Series of Sundays, Part 1
April 29, 2009
Like I told the Facebook world, I spent most of the day crying on Easter. It was obviously a very emotional day. First think I was up at 6:00 to sing at the sunrise service and that’s enough to make anyone cry (well me.) It was bit chilly but not like it was last year. Singing went fine, we did this kind of old fashioned-y “Easter Anthem.” No, that’s really what it was called, creative right? Joyce preached the sermon for the morning service, and it was great. I think she’s getting to be a really great preacher. I love that she always uses personal stories, it’s really brave and vulnerable, and it really makes the message seem sincere. She was discribing a scene from a movie to illustrate a point.
There was little boy in a consentration camp that got assinged to cleaning the commander’s bathroom. One day he stole a used bar of soap and brought it back to his teenaged friend to show it off. The theft was soon discovered and everyone was called together to be questioned. Just as the boy was holding his hand out with the soap, his friend snachted it away and yelled out that he had the soap. He was shot on the spot.
Wow… that got me. There is just something about sacrificial love. Someone else taking the blame. It’s real easy to say “Jesus died for our sin.” But it’s good to feel it sometimes.
We had bruch of Sam’s pastries and frozen fruit, not quite the Easter spread we get in Pensacola. But when Cynthia sat on one of the said pastries that almost made up for it. That kind of made me cry too, with laughter.
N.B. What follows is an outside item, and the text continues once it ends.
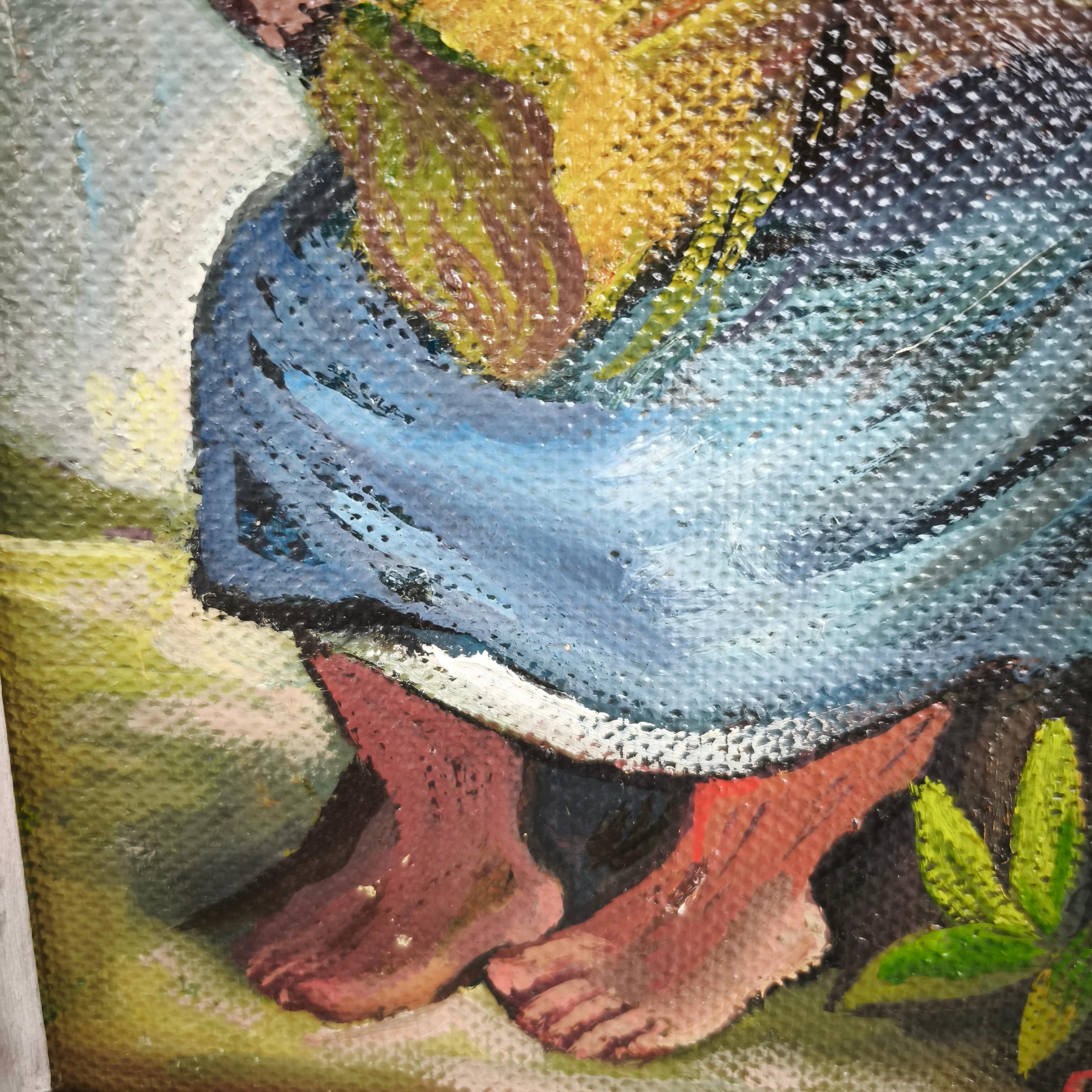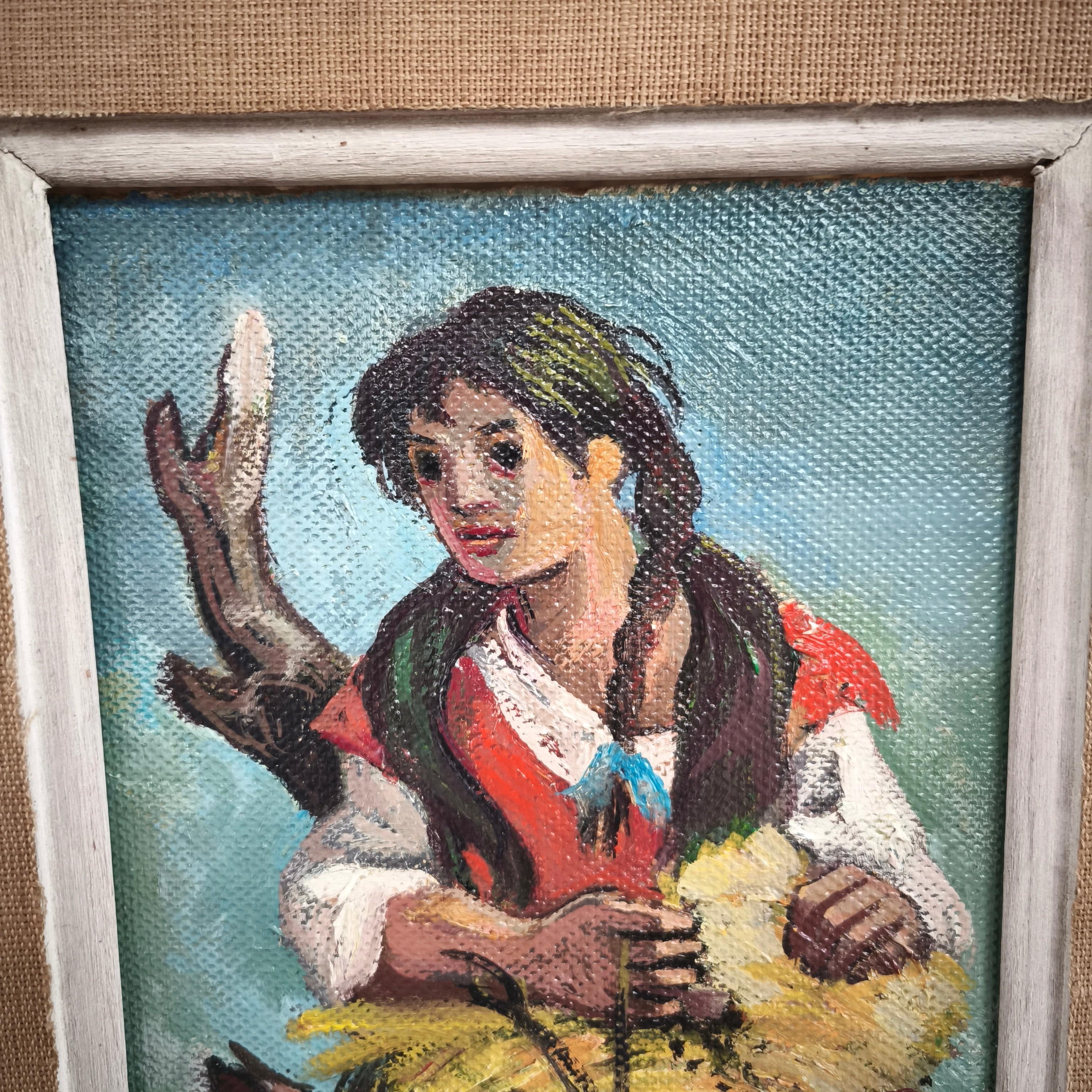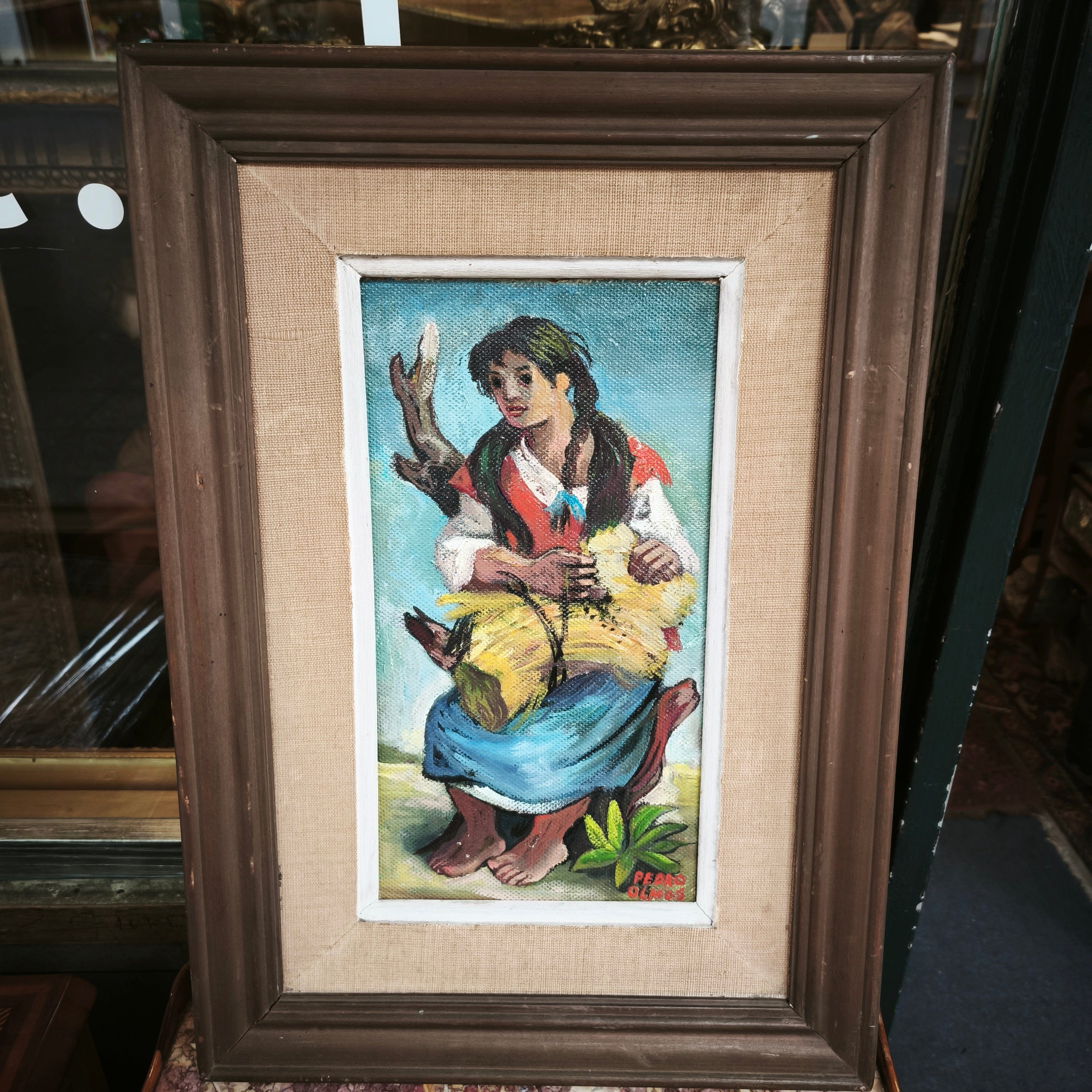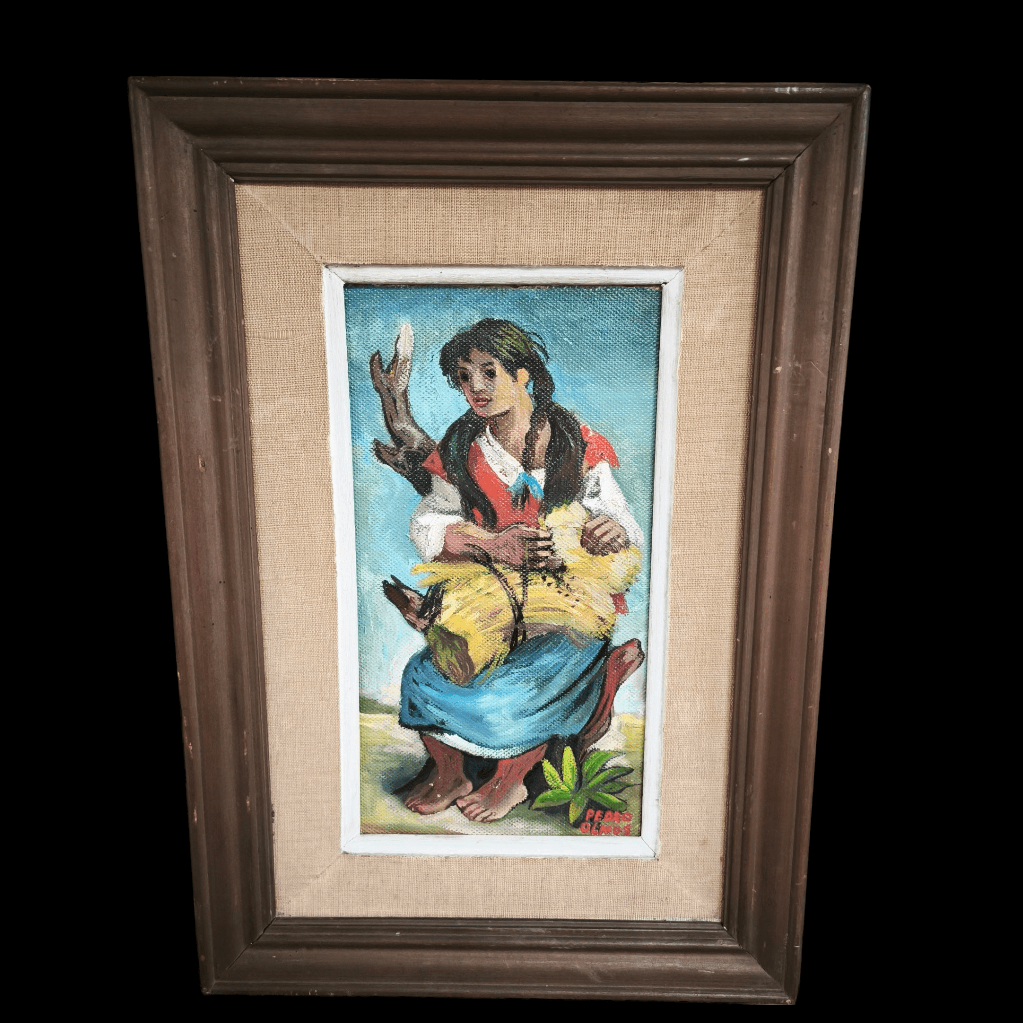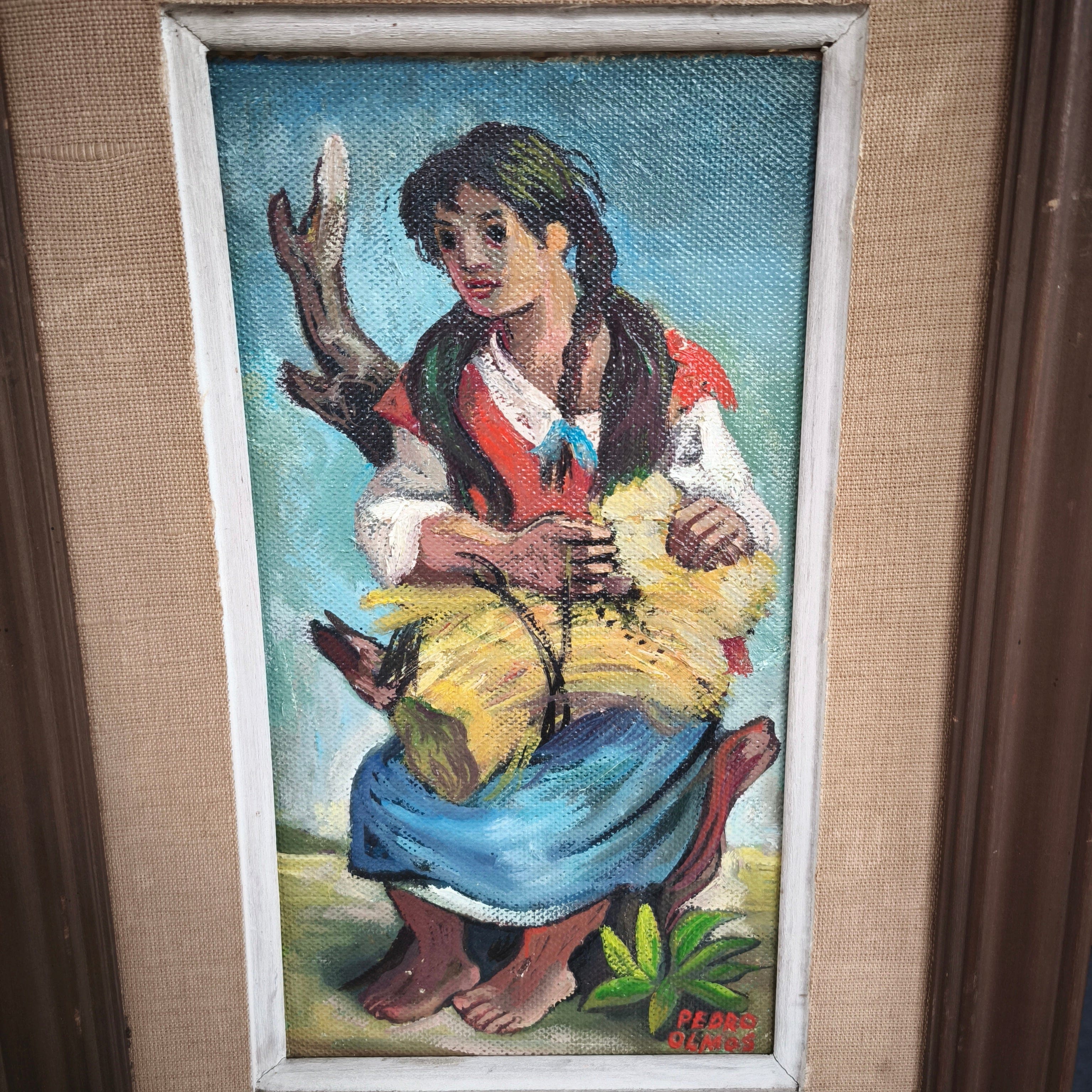 Oil on wood by Chilean artist Pedro Olmos, depicting a seated peasant tying wheat. The work is framed in wood with a beautiful and understated natural fiber mat.

For 8:30 service we were in the sactuary. The theme for Clarke’s sermon was transformation, and we used butterflies to decorate the window sills and we brought in potted plants to the narthex. During the service we added butterfly garden stakes to the plants… you know like the tranformation had just taken place. It was very pretty and colorful, but a little less impactful than it could have been because our narthex is a bit cluttered (my hospitality workshop told me that’s not a very welcoming thing.) That work great for 8:30 but the service was so long that the 9:45 people were already waiting and saw them before the other service let out.
The thing during 8:30 that made me cry was the lady that was sitting next to me in the pew. We had a bunch of kids, of course, and they were all being cute during the children’s sermon. But the whole time the lady who was maybe in her late fourties was holding her husband’s hand and weeping. I don’t know anything more than that, what happened, if she had a loss. She was just sitting there in pain. Besides my empathy for her, I just thought about all the other people who feel pain and regret during happy times.
Then I had to teach Sunday School, which was maybe a little too creative. I took the kids to the 9:45 service to remove the butterflies from the plants, and to watch my friends play in the pickup band that was playing that day. Then we had our lesson outside, which was a bit challenging and distracting for my little people. Then we went back to play Easter symbol memory, which is always the biggest hit ever. They love it. Cokesbury must be up on their developmentally appropriate materials (I think I want that job) because they always include at least three memory card sets for each unit.
Then I had my Easter Whataburger meal and had a laundry and movie day. That night was the Tallahassee episode of Extreme Makeover: Home Edition. Which was just sad in the classic, human interest story way. You can watch it for yourself. But that was so sad.
I told my Sunday Schoolers that Easter is the happiest day of the year. For me it was little crazy too.